Using this ratio, we can determine the number of moles of iron produced:
moles of iron = (3 moles of iron / 2 moles of aluminum) * 3.511 moles of aluminum = 5.267 mol
Finally, we can find the mass of iron produced:
mass of iron = moles of iron * molar mass of iron = 5.267 mol * 55.85 g/mol = 294.12 g
So, the mass of iron metal that would be produced is approximately 294.12 grams.
But hey, keep in mind that this is just theoretical. In reality, you might not actually get that exact mass due to various factors like experimental error and the limitations of the reaction. So take it with a pinch of irony!
To determine the mass of iron metal produced, we can use stoichiometry calculations based on the balanced equation.
The balanced equation tells us that 2 moles of aluminum (Al) react with 3 moles of iron II oxide (FeO) to produce 3 moles of iron (Fe).
Step 1: Calculate the number of moles of aluminum (Al) present in 94.7g of aluminum.
To do this, we need to know the molar mass of aluminum (Al), which is 26.98 g/mol.

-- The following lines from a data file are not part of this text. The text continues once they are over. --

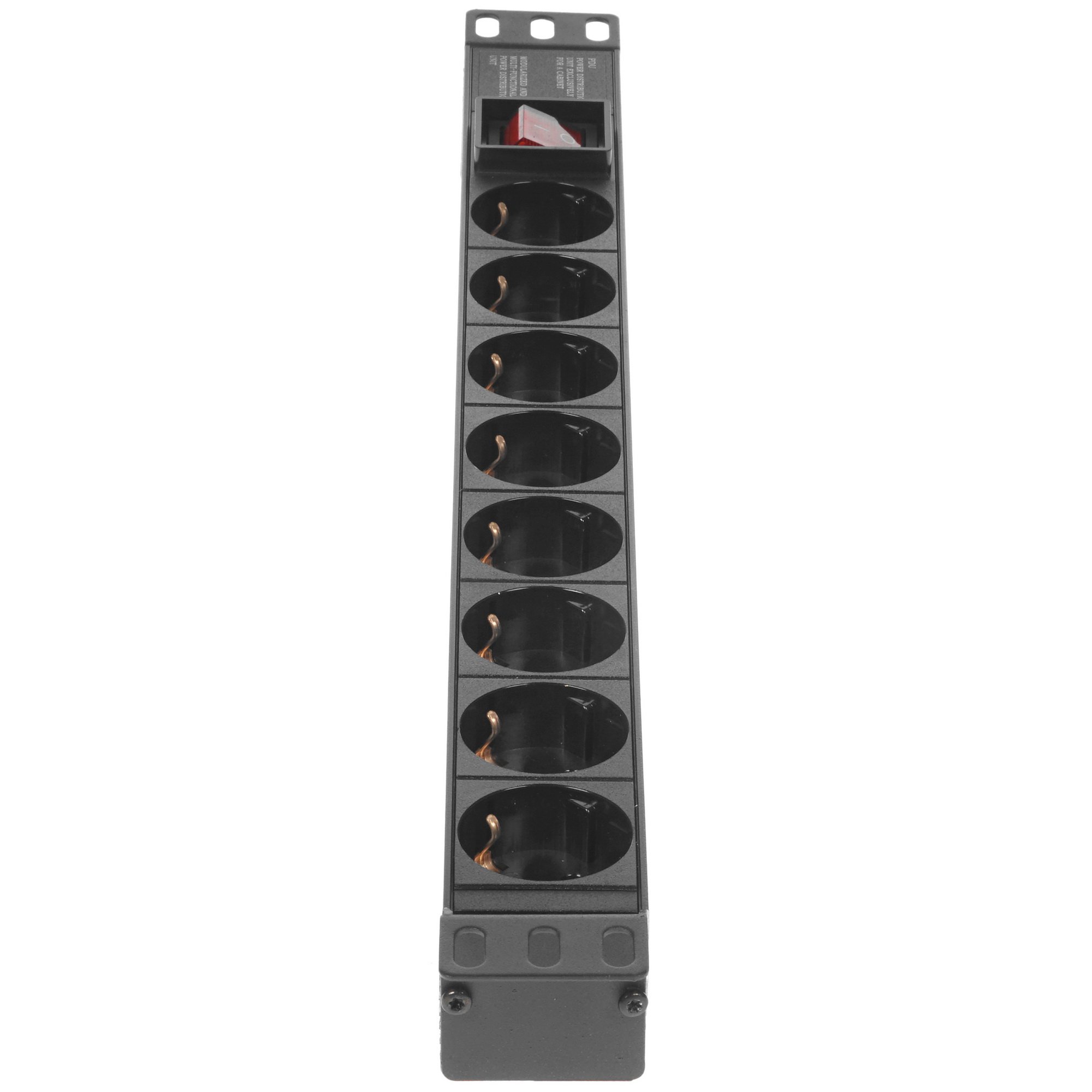 Блок розеток горизонтальный ExeGate ServerPro PDU-19H801 Al-8S-C14-SW, 19", 1U, Алюминий, 8 Schuko, С14, выкл. с подсветкой, черный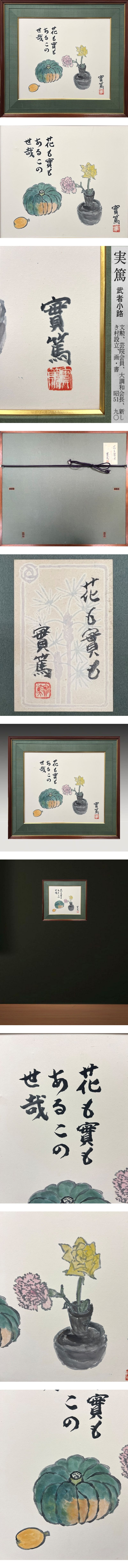 【FCP】 真作保証 武者小路実篤 紙本彩色画10号 「花も實も」共シール 文化勲章受章 名誉都民 日本芸術院会員 h 收藏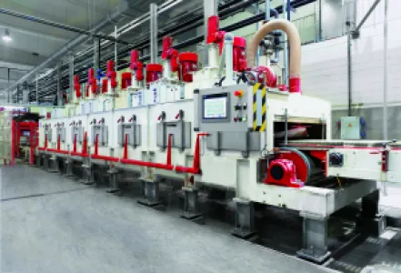 After calibration, products such as pavers and slabs are ground in the grinding machine with up to 10 high-power stations. Depending on the number of grinding stations used, a surface appearance from rough to fine can be achieved.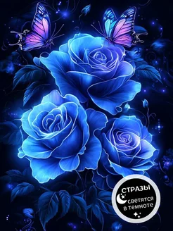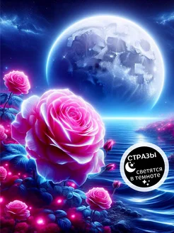 Светящаяся алмазная мозаика цветы розы 40х50 без подрамника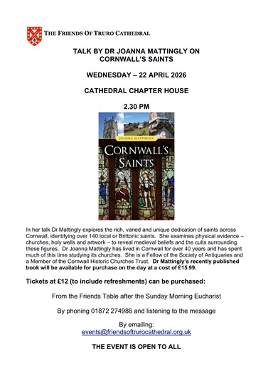 The Friends of Truro Cathedral: Talk by Dr Joanna Mattingly on Cornwall's Saints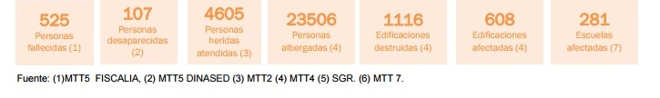 La Fiscalía General del Estado, entidad que difunde la lista de fallecidos identificados tras el terremoto, también realizó una actualización de este listado.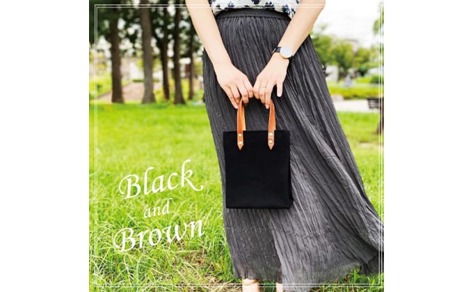 倉敷産帆布×本牛革 ミニトートバッグ(黒×ブラウン)◇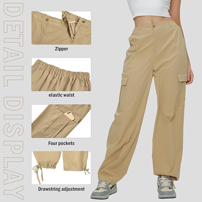 4 Multi Functional Pockets: Fashionable women's workwear pants,Includes 2 zippered side pockets (secure storage for phones/wallets), 1 cargo pocket (easy-access tools), and 1 back pocket (discreet storage),offering ample storage for phones, keys, and essentials. Perfect for outdoor adventures or daily use. Stay organized anywhere! It is a pair of women's trousers suitable for outdoor hiking or work, which provides convenience for you.

Number of moles of Al = mass of Al / molar mass of Al
= 94.7g / 26.98 g/mol
Step 2: Calculate the number of moles of iron (Fe) produced using stoichiometry.
From the balanced equation, we know that 2 moles of Al react to produce 3 moles of Fe.
Number of moles of Fe = (number of moles of Al) x (3 moles of Fe / 2 moles of Al)
Step 3: Calculate the mass of iron (Fe) produced.
To do this, we need to know the molar mass of iron (Fe), which is 55.85 g/mol.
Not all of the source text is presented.